= Les Djinns (choir) =

French choir

Les Djinns were a French choir with a distinctive singing style, composed of sixty girls between the ages of nine and eighteen years, conducted by Paul Bonneau. In 1959, the French government organized a 'Master School' for the instruction of girls in musical subjects in order to ensure a supply of performance talent for the country's radio and television industry. The Master School set a course of study where the girls followed a curriculum of standard academic subjects in the morning hours, then musical courses in the afternoons consisting of scales, vocal techniques, harmony and choral vocalizing. Upon graduation, each girl was accepted into Les Djinns.

Within six weeks of the group's founding, Les Djinns were awarded the Grand Prix of the Academy of Records in France, and their popularity began to proliferate with stage appearances in France and tours in other European countries. Eventually, a total of 88 tunes were recorded, including a Christmas album and an album of American favorites sung in French, and released on the ABC-Paramount label. One Les Djinns single recording, "Marie Marie" (1960), made it onto the Top 100 list.

Les Djinns never toured the United States, but two separate filmed sequences were shown within two separate Sunday-evening Ed Sullivan variety shows.

==Les Gam's==

Several of Les Djinn Singers graduates continued on with separate recording careers. In September 1962, Les Djinn' lead soloist Annie Markan and three other members of the group – Graziella, Michèle and Suzie – formed the vocal quartet Les Gam's. (The name was derived from the first letter of each girl's name plus the added apostrophe to add a fashionable touch.)

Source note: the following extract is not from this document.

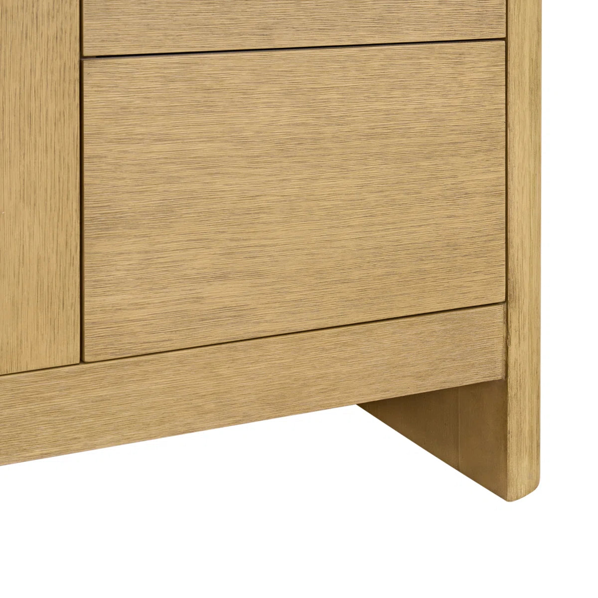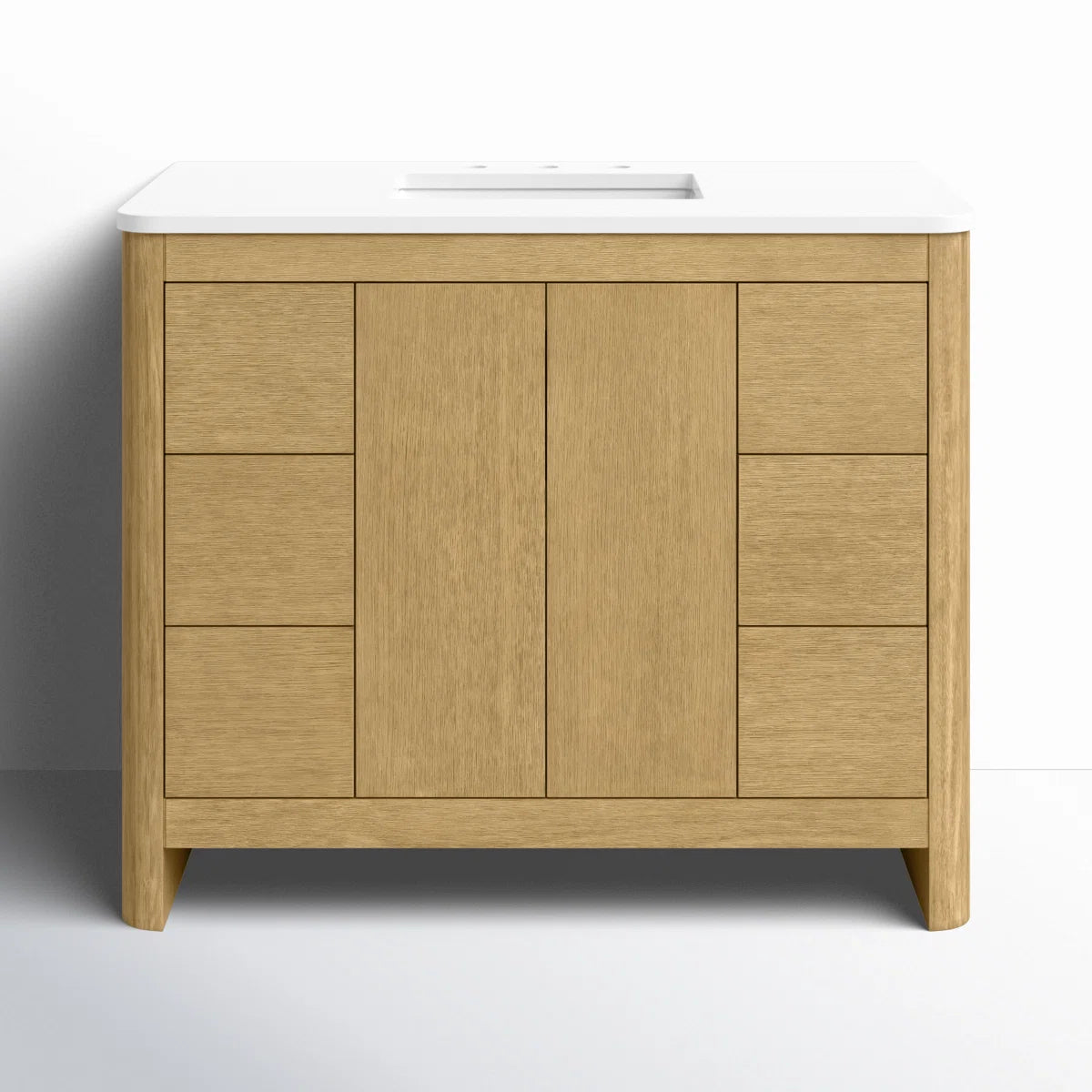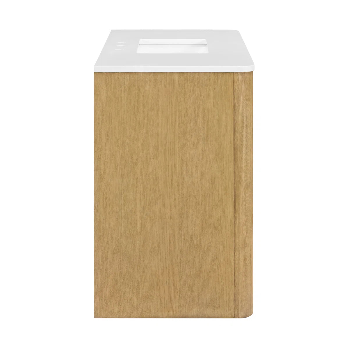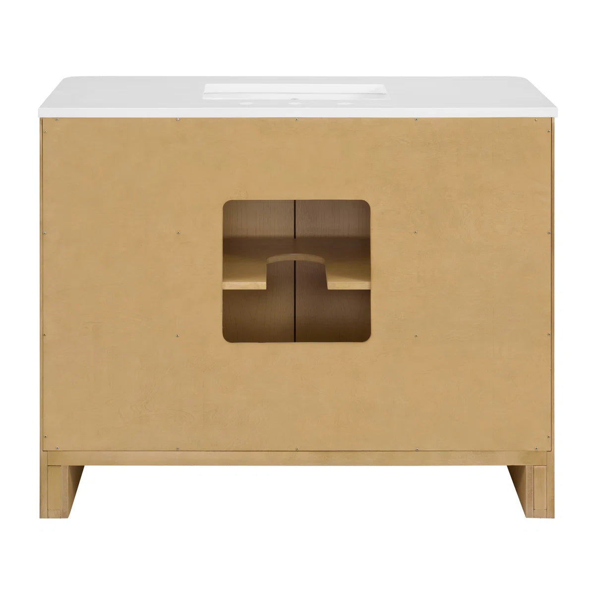This freestanding single vanity set combines functionality with rustic elegance, making it a great addition to your bathroom. It features a white quartz countertop that offers a sleek, modern look while providing a durable surface for your daily routine. Its light wire-brushed oak base, crafted from a blend of solid and engineered wood, adds a natural element with purposeful distressing for a bit of character. With six push-to-open drawers and adjustable shelves, you'll have plenty of space to keep your essentials organized. The square ceramic sink is centrally located, ready for your choice of an 8" widespread faucet.

Les Gam's issued one disc on the Vogue label, then signed with Mercury Records for subsequent releases, their repertoire consisting almost exclusively of covers of American songs, and they enjoyed some success. Accompaniment was sometimes provided by the Les Lionceaux group.

The Les Gam's disbanded after September, 1964 following the release of "Une petite larme m’a trahie", their take on Burl Ives' "A Little Bitty Tear" on which Annie was given top billing, with credits reading "Les Gam’s with Annie Markan".

Markan issued her first solo Extended Play album in 1965, leading with "Quand mon ami pleure", a version of the little-known "When My Baby Cries", penned by Lesley Duncan with French lyrics written specially for Annie by Hubert Wayaffe, presenter of Europe 1’s "Dans le vent" program.

No mention of Les Gam's was made on the record's sleeve and the musical style was in marked contrast to her earlier material, but Markan returned to more familiar fare for her follow-ups. Les Gam's had enjoyed their biggest hit with "Il a le truc", a version of the Exciters’ "He’s Got the Power", so the US group's back catalogue was adapted again for Annie.

When US singer Len Barry scored a hit in France with "1-2-3", Mercury released Markan's "Un, deux, trois" on Extended Play along Markan's version of Martha and the Vandellas’ "Nowhere to Run", retitled "Mon obsession me poursuit".

Markan's final EP was released in 1966 without much success, and she was quietly dropped by the label. She is understood to have gone on to work in public relations.

==Les Fizz==
This vocal trio made of ex-Djinns Singers (Danielle Licari, Jackie Castan and Nadine Doukhan) and backed by Jacques Denjean's orchestra, existed from 1965 to 1967 and released three EP.